- The Washington Times - Wednesday, November 3, 2021

When I was first elected to the Board of the National Rifle Association in 2000, I had the honor of taking a seat beside some of the people I had previously only been able to admire from a distance. I sat next to General Joe Foss, the legendary World War II ace and Medal of Honor winner who served not only as NRA President but Governor of South Dakota and Commissioner of the American Football League. Journalist and author Tom Brokaw devoted a chapter in his “The Greatest Generation” to Mr. Foss, and I quickly decided that my role as a new Board member would be to bring him coffee.

But there were others. Tom Selleck and Roy Innes were on the Board then, and Charlton Heston was President. It was also a pleasure to meet and get to know Jeff Cooper and his wife. Mr. Cooper was a legend, an articulate Second Amendment advocate, accomplished hunter, firearms instructor and author. He had written for Guns & Ammo and founded a shooting school in Arizona at which he developed and taught shooting and the use of firearms for self-defense. Mr. Cooper died in 2005 and had sold the school, which is now known as Gunsite, still employing methods pioneered by Mr. Cooper and the most prestigious facility of its type in the country.

It was Mr. Cooper who convinced pistol and revolver users to abandon the old one-handed manner of holding and aiming a handgun in favor of the two-handed grip now universally employed except by drug-crazed gang bangers and Hollywood actors. It was Mr. Cooper who harped on his four rules for handling any firearm.

It’s a tragedy that Alec Baldwin never met Jeff Cooper or read anything the man wrote. Mr. Baldwin carried guns in some of his movies but apparently knew little about how they should be handled. If he’d been familiar with Mr. Cooper’s four rules, the accident that took the life of cinematographer Holyna Hutchins would have been avoided. 

Mr. Cooper’s rules were simple enough:

1. All guns are always loaded and should be treated as such even if one “knows” they aren’t.
2. One should never let the muzzle of any gun cover anyone or anything one is not ready to destroy.
3. When holding a gun, one must keep one’s finger off the trigger until one’s sights are on the intended target.
4. A shooter must know and identify not only his target but what’s behind it and around it before firing at it.

Anyone who ignores these simple rules is guilty of negligence or worse. Mr. Baldwin was apparently told by whoever handed him the “prop” gun he fired on the set of the movie was unloaded. The resulting tragedy would have been avoided if Mr. Baldwin had had any gun safety training at all. A hunter in the field who carelessly points their gun at another hunter is quickly admonished as careless and won’t be invited back again, and a shooter at a gun, skeet or sporting clays range who wanders about without his gun visibly unloaded will be quickly banished. 

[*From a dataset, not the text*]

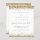Gold Glitter Borders Script Wedding Save The Date. A budget price SMALLER 4.5” x 5.6” alternative. Available in a SEMI GLOSS 110 lb CARD STOCK which is the default option (recommended for invitations), OR a SATIN FINISH 80 lb THINNER PAPER STOCK (ideal for enclosures). Envelopes are an optional extra and are slightly larger than the card size. Gold faux glitter at the top and bottom edges and an informal set script for Save Our date. Easily personalise the rest of the text to your details.
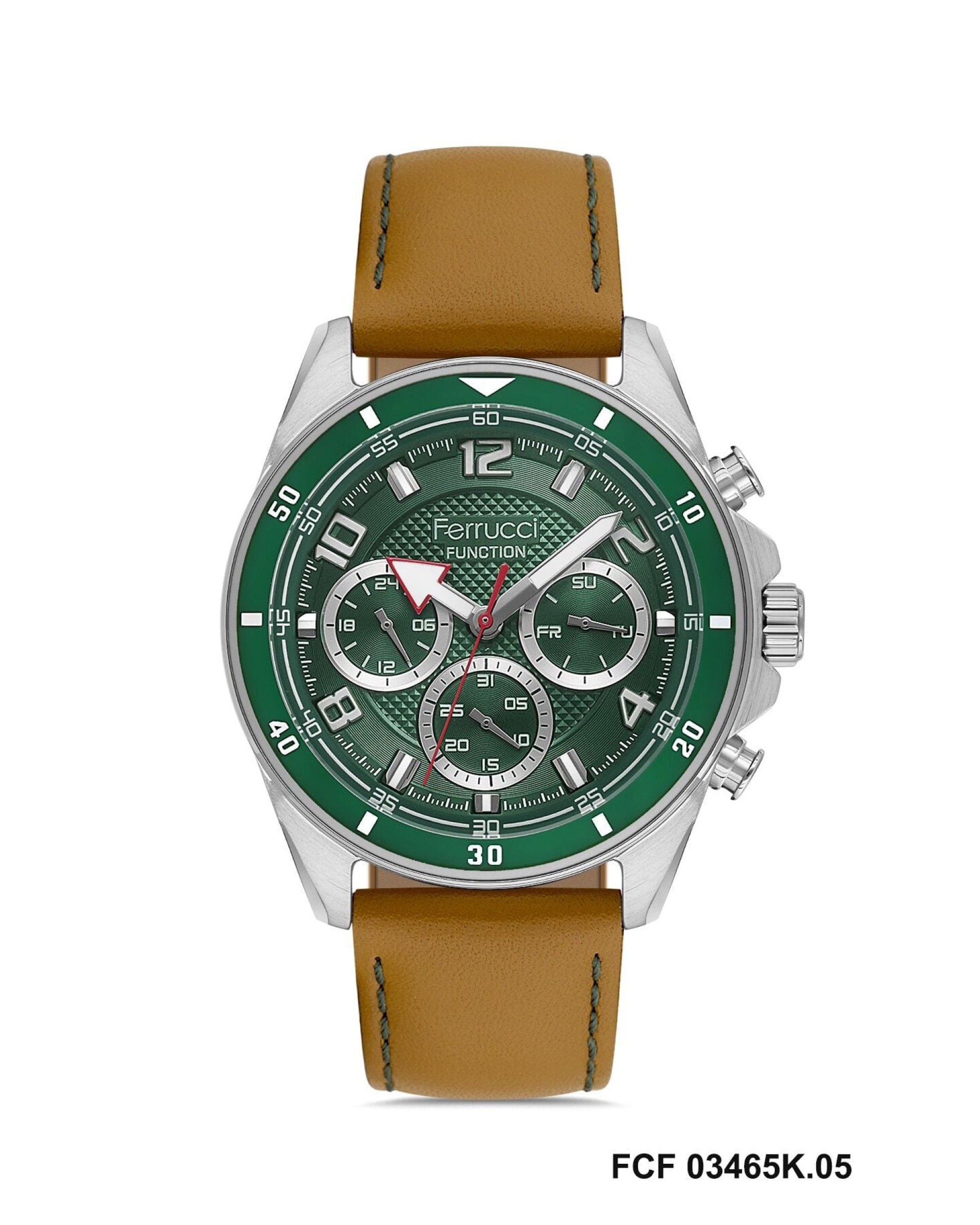Ferrucci Silver Round Case Men's Watch | 44 mm Steel Case, Light Brown Leather Strap, Green Dial

Every gun owner knows that safety requires caution whether they’ve read Mr. Cooper or attended a course on firearms safety training or qualified for a concealed carry permit or a hunting license anywhere in the United States or abroad.

Mr. Baldwin has expressed a dislike of firearms ownership over the years. From what he said, one gets the impression that his reflexive hostility to guns, except those he uses in the movies, means he doesn’t pay attention to those who teach safe gun handling. Mr. Cooper had a name for those with what he termed an “unreasoning terror of weapons. He called them “hoplophobic” and felt they had little concrete knowledge of that which terrified them.

Sam Dorum, a Hollywood “armorer,” told a Los Angeles television reporter after the accident in New Mexico that there are strict rules about how “prop” guns are to be handled and that actors, as well as the support crew, receive training in firearms safety before and during the filming of movies. 

Accidents happen, but firearms accidents involving gun owners are exceedingly rare. In fact, there were, according to government figures, more accidental shootings in a nation with far fewer people and firearms a hundred years ago than there are today.

That’s because of people like Jeff Cooper and those who have taken his rules to heart. Such accidents result from carelessness or downright negligence by those who don’t know the rules or ignore them.

One must wonder into which of these categories Mr. Baldwin falls. 

• David Keene is editor-at-large for the Washington Times.